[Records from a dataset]
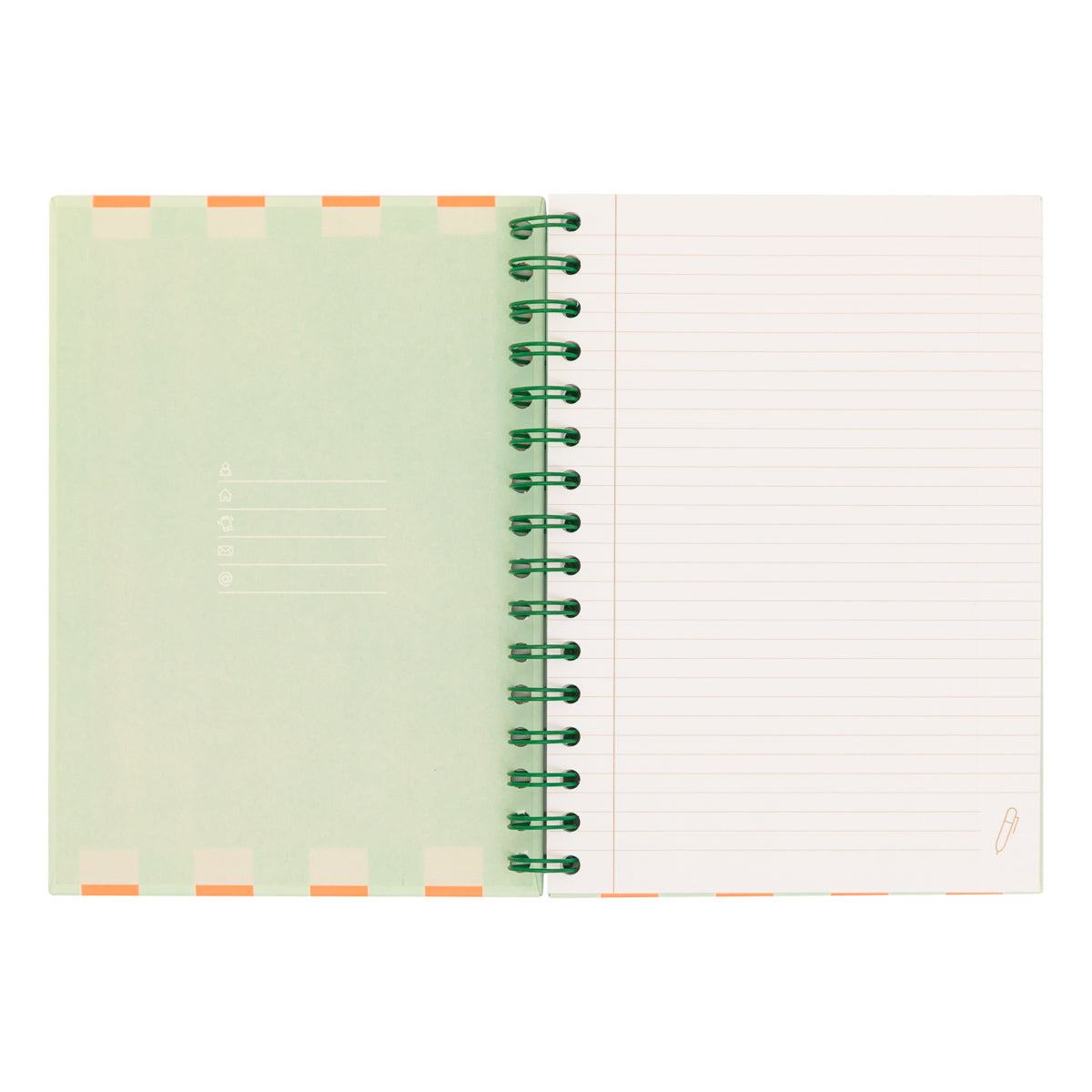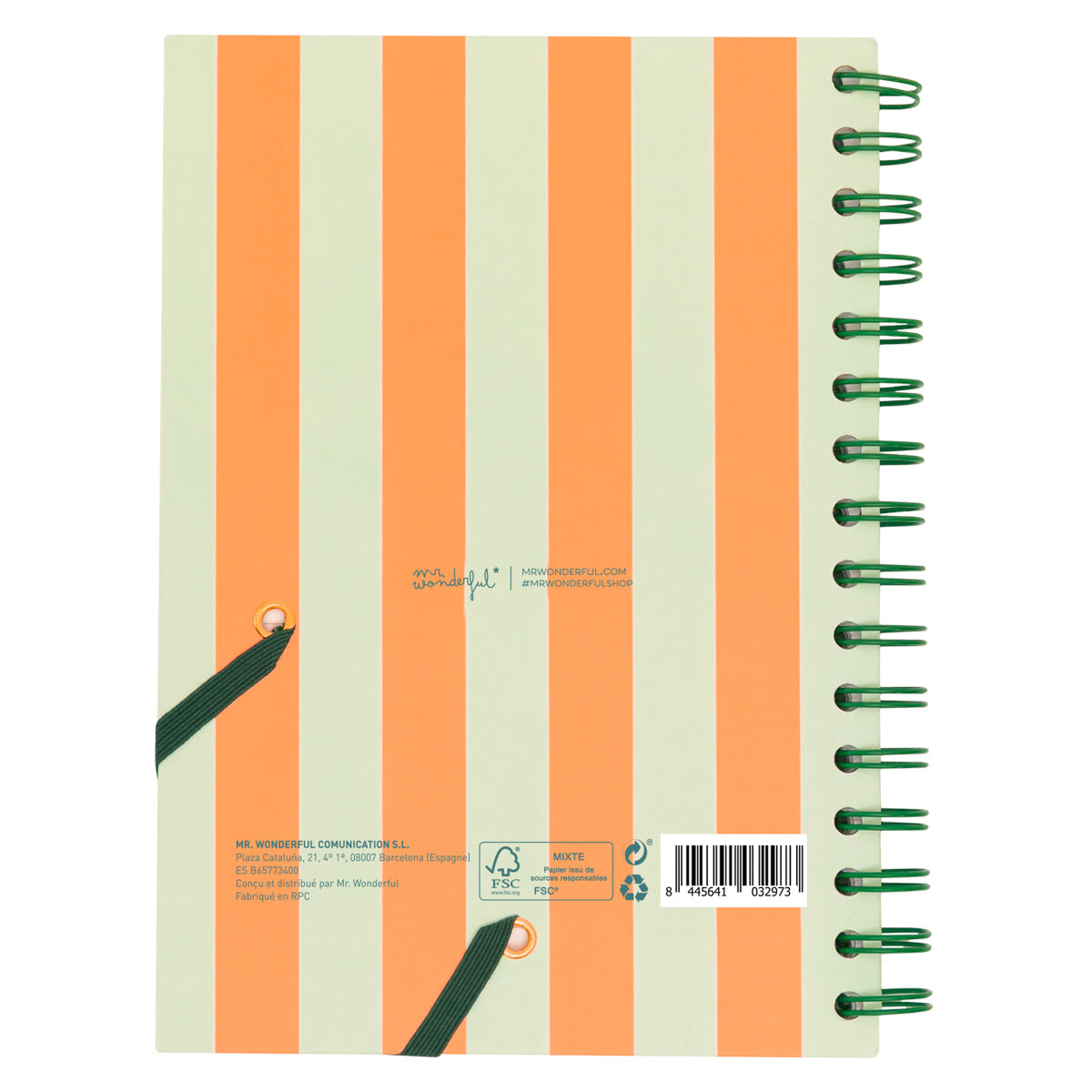 Coffret orange au format A5 avec une couverture rigide et un décor en spirale. Avec 125 pièces de papier de 90 g et une certification FSC qui garantit une fabrication de papier issu de forêts respectueuses de l'environnement. Le cahier présente des feuilles lignées et une ferreture élastique. Il comprend une feuille d'autocollants.
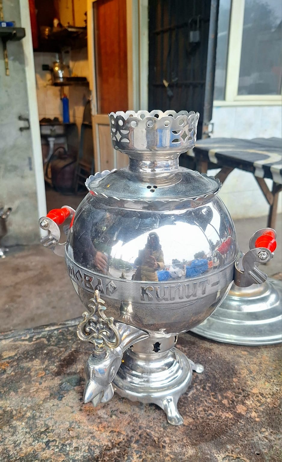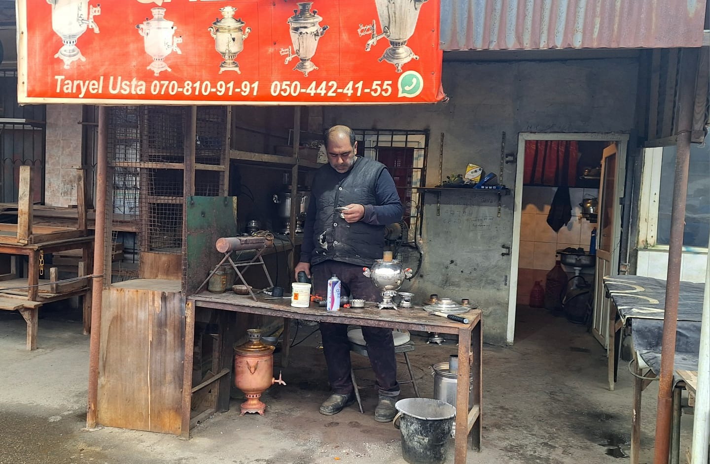 Bazarda piştaxtaların əksəriyyəti bağlı olsa da, usta Tariyel iş başında idi. Yaxınlaşıb samovarların qiymətini soruşuram: “Yox, bunlar satlıq deyil. Gətirirlər, mən də bərpa edirəm”, – deyə cavab verir.
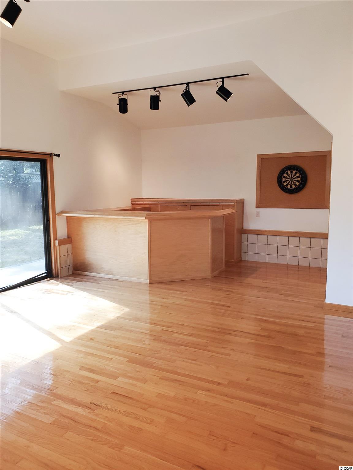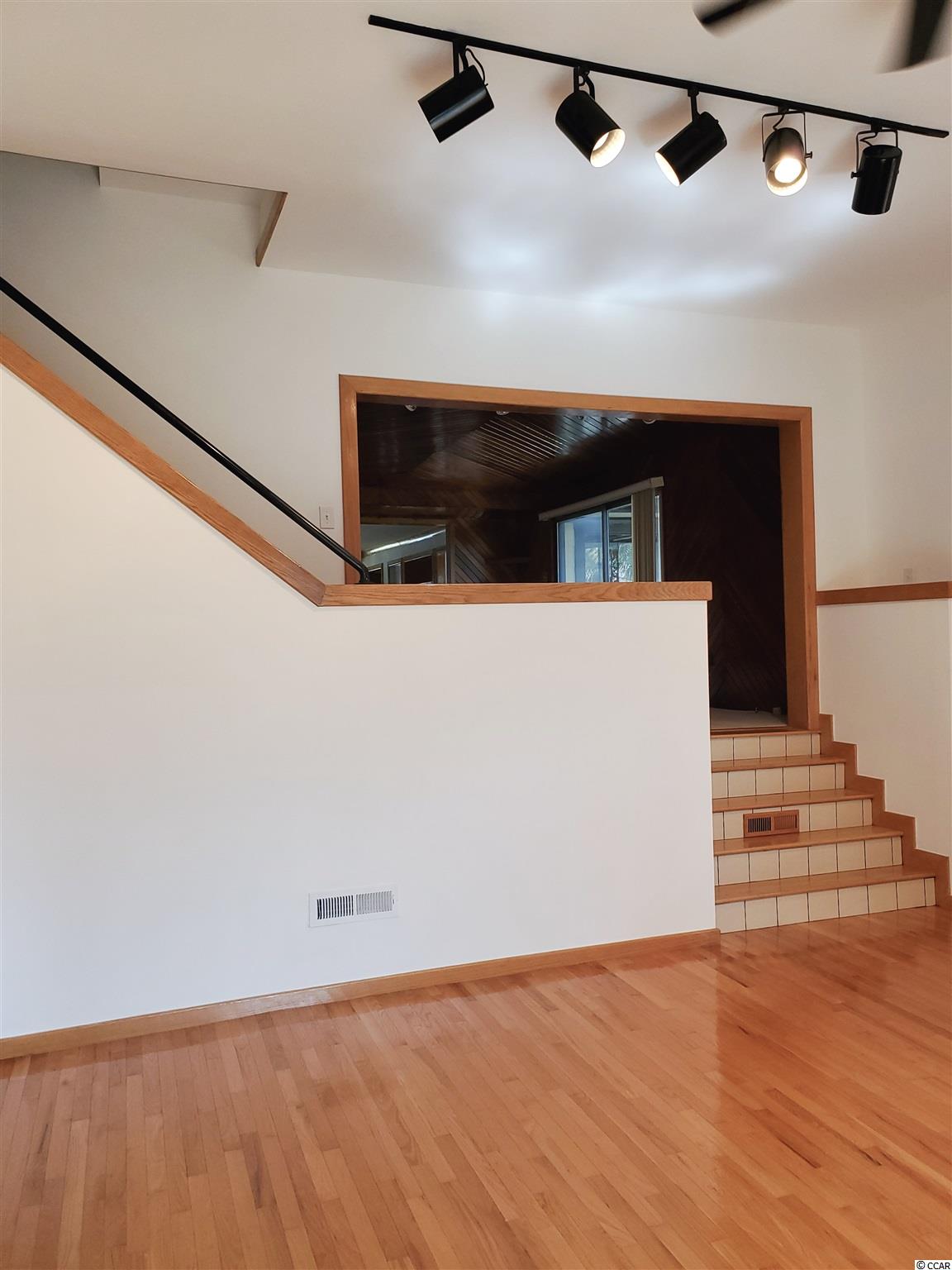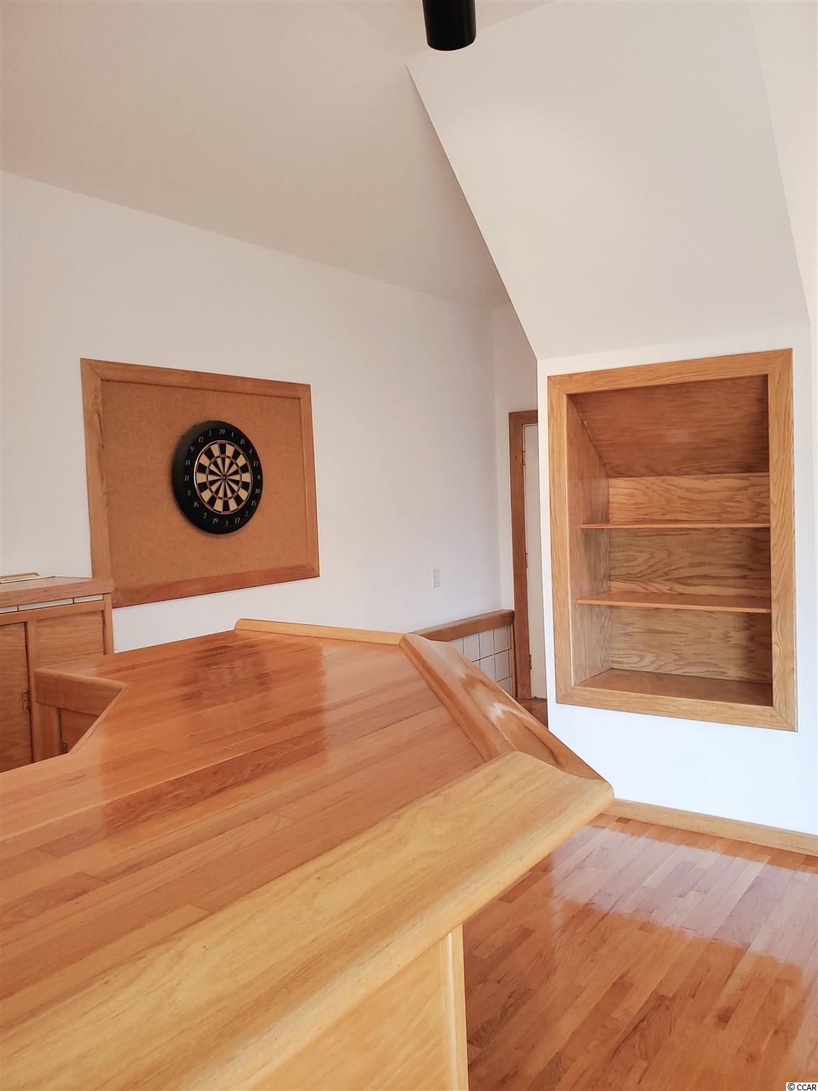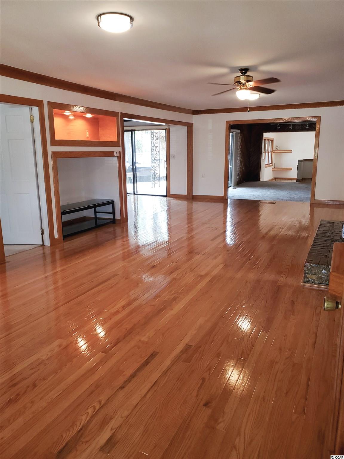 NO HOA and close to the beach. This home greets you with beautiful curb appeal with a fountain and mature palm trees. As you enter the home you walk-into a large tiled sunroom perfect for your green thumb. Then you enter the living room that has a beautiful brick wood burning insert fireplace, great looking oak floors and oak crown molding, custom built-in lighted shelving, and ceiling fan/light. The dining room has an awesome looking custom wood crafted box ceiling, a 8 foot sliding door that walks out to the huge 900 sq. ft. deck for entertaining. This split level deck has plenty of built in seating, beautiful mature palms that light up at night, plus an overhead trellis for shade, gas grill, private outdoor cold and hot shower and a built in sparkling 8 person electric hot tub, along with a long plant box complete with irrigation. This deck has a spiral staircase that takes you to another 520 sq. ft. sun deck that is also accessible from the master bedroom located on the second floor. The kitchen has marble floors with granite countertops, a very stylish backsplash, wet bar, built in seating area and plenty of custom solid oak cabinets for storage, trash compactor, black cast iron triple sink, custom skylight which opens to let fresh air in, and a built-in laundry with a duet washer and dryer with oak doors to conceal it. There is another custom room that has tongue and groove cedar ceiling and walls that can be used as a large den or just another large seating area, also features a 8 ft. sliding glass door that opens up to the deck. As you walk down a few steps you have a great entertainment room complete with a custom built in bar, with custom built in shelving, an 8 foot sliding door that opens up to the fenced in backyard. All the bedrooms are oversized with ceiling fan/lights and adjoining bathrooms. This home also features a workroom with tub sink, outdoor storage and a built in storage for your golf cart for the short ride to the beach. It also features an all fenced in yard that is 7 foot custom built fence with lattice trim for privacy and an irrigation system. The yard has decorative lighting at night along with spot lights on every corner of the house. This home is centrally located to all roads, hospital, post office, shopping and of course the beach access. This is definitely a one of a kind home that is a must see. Brand new 5 ton Train HVAC was installed 6-17-21.
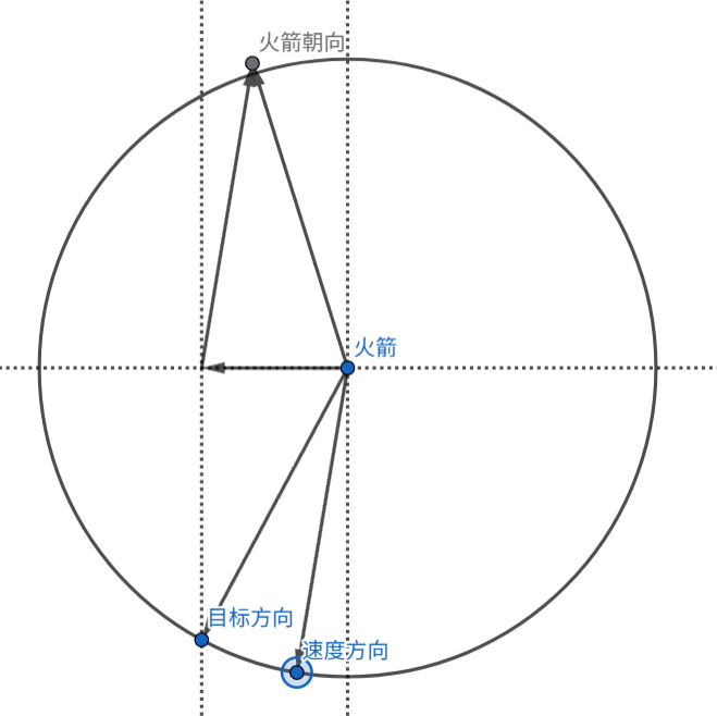 为了简化教程,教程将火箭和目标,速度,方向控制都视在同一平面内(只是为了方便讲解,实际不影响)。
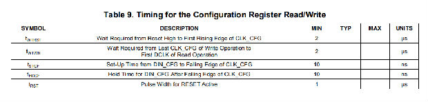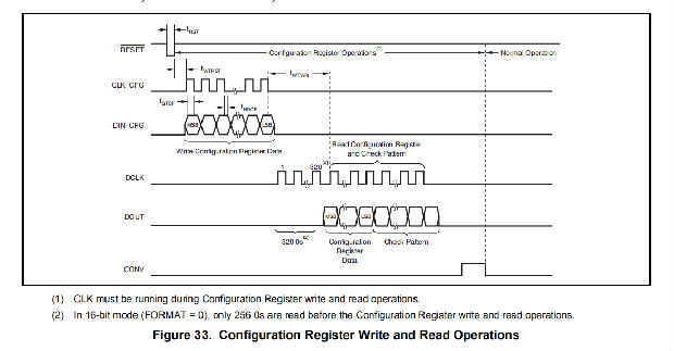 配置寄存器必须在通电或设备复位后进行编程。DIN_CFG、CLK_CFG和RESET引脚用于写入该寄存器。当开始写入操作时,保持CONV low和选通复位;参见图33。然后开始转移DIN上的配置数据_配置数据先写入配置寄存器的最高有效位。数据被内部锁存在CLK_CFG的下降沿。不允许对配置寄存器进行部分写入。请确保在更新寄存器时发送所有16位。
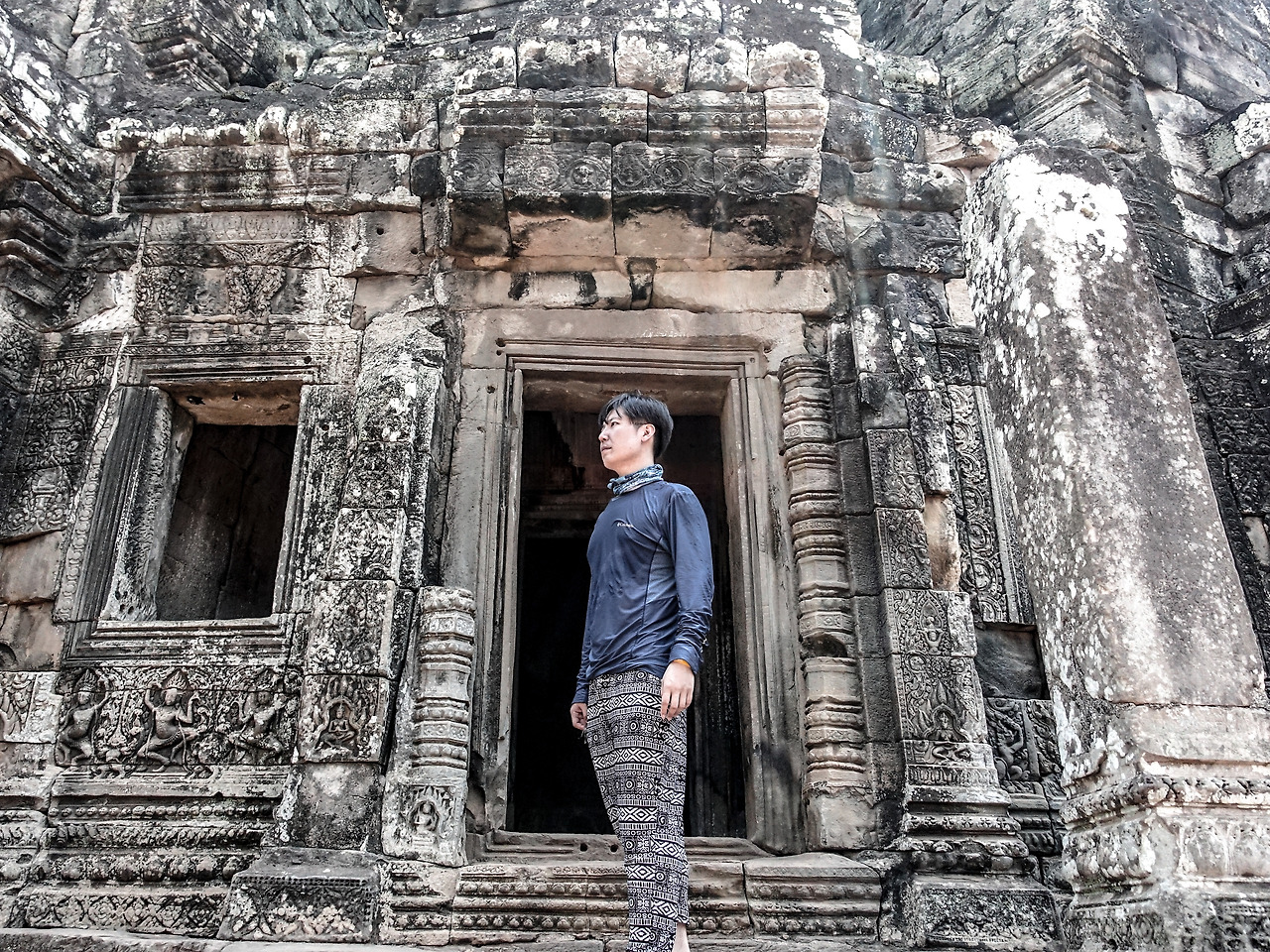 오랜 세월의 풍파를 겪은 사원의 얼룩과 한국산 냉장고 바지는 마치 이곳에 살던 크메르인들이 입던 옷이 아닐까?라고 생각 될만큼 절묘한 조화를 이루지 않습니까?

- _ACTIVITY_
The reply needs to repeat exactly the line containing "配置寄存器必须在通电或设备复" and each line after it, through the final line of the entries above, and to skip the pictures.

- _SOLUTION_
 配置寄存器必须在通电或设备复位后进行编程。DIN_CFG、CLK_CFG和RESET引脚用于写入该寄存器。当开始写入操作时,保持CONV low和选通复位;参见图33。然后开始转移DIN上的配置数据_配置数据先写入配置寄存器的最高有效位。数据被内部锁存在CLK_CFG的下降沿。不允许对配置寄存器进行部分写入。请确保在更新寄存器时发送所有16位。
 오랜 세월의 풍파를 겪은 사원의 얼룩과 한국산 냉장고 바지는 마치 이곳에 살던 크메르인들이 입던 옷이 아닐까?라고 생각 될만큼 절묘한 조화를 이루지 않습니까?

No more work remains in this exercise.